Consider the case of Microsoft, arguably the most innovative and successful high-tech company (of the 1980s. The company went public in March 1986, unleashing millions of dollars of hard-won value for its founder, Bill Gates, while fueling expansion for still greater value in years to come. So favorable was the market’s reaction that four other software issues followed in Microsoft’s footsteps. One would think, midst the fanfare and applause, that the financial scrutiny paid by management to the offering would have rivaled what they paid to their highly successful products.

On the surface, this appears to have been the case. Total transaction fees, including underwriters’ compensation, were about $4.6 million, or only 7.1 percent of the $65 million in primary and secondary shares sold. I say only 7.1 percent because that percentage is frequently higher, even for much larger offerings. (Bet Public, for example, incurred $2.8 million in exchange and listing fees alone on its $75 million offering, nudging total fees above 12 percent.) For much smaller offerings–those, say, less than $10 million–transaction costs can become stratospheric, consuming as much as 15 to 25 percent of the equity raised. It’s not surprising that fees become the thorn in an owner’s side when evaluating the prospect of going public.1

So Microsoft did a good job of monitoring expenses, but then missed the boat on pricing. The closing price of Microsoft’s shares on the day of offering was $28, a price that held firm for several weeks thereafter. Too bad their shares entered the market at only $21. The $22 million in underpricing (or 33 percent of the $66 million offered) dwarfed what Gates and Microsoft paid in fees (see Table l)–a fact that escaped the press amid investor jubilation.

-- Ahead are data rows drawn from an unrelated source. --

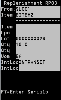 Location verification sample The confirmation fields on the Replenishment (RP03) are the Item, Qty, and To Location.
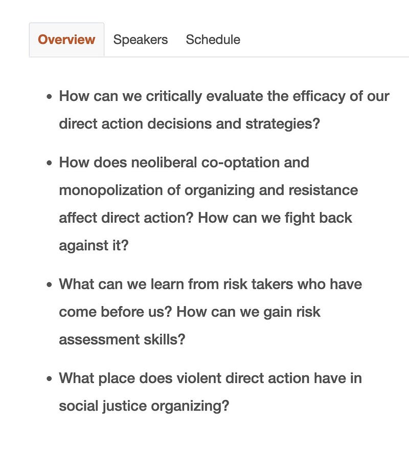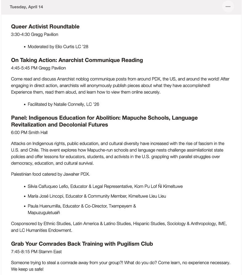They are directing attendees to hide their faces and the training on April 14 at the Gregg Pavilion building includes reading claims of responsibility of terrorist attacks from anarchist blogs and how to help "comrades" escape arrest. college.lclark.edu/stud…
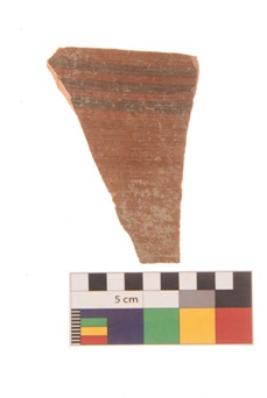 | Description / विवरण | Specimen of black on red ware with decorative geometric Three parallel lines painting. |

But why pick on Microsoft? Studies by several leading finance scholars confim that the average first-day runup for all initial public equity offerings, excluding investment funds, is on the order of 15 and 20 percent, and that the standard deviation of these run-ups is between 35 and 40 percent.’ In layman’s terms, not only is underpricing on the order of 50 to 60 percent not unheard of, it’s statistically certain in one out of six public offerings. For very small offerings-those of companies with sales of less than $500,000-the average run-up exceeds 25 percent, the standard deviation 50 percent. Add 15 to 25 percent in fees and it’s little wonder so many cash-poor companies resist going public. Continue reading “Maximizing Shareholder Value at the Private Company”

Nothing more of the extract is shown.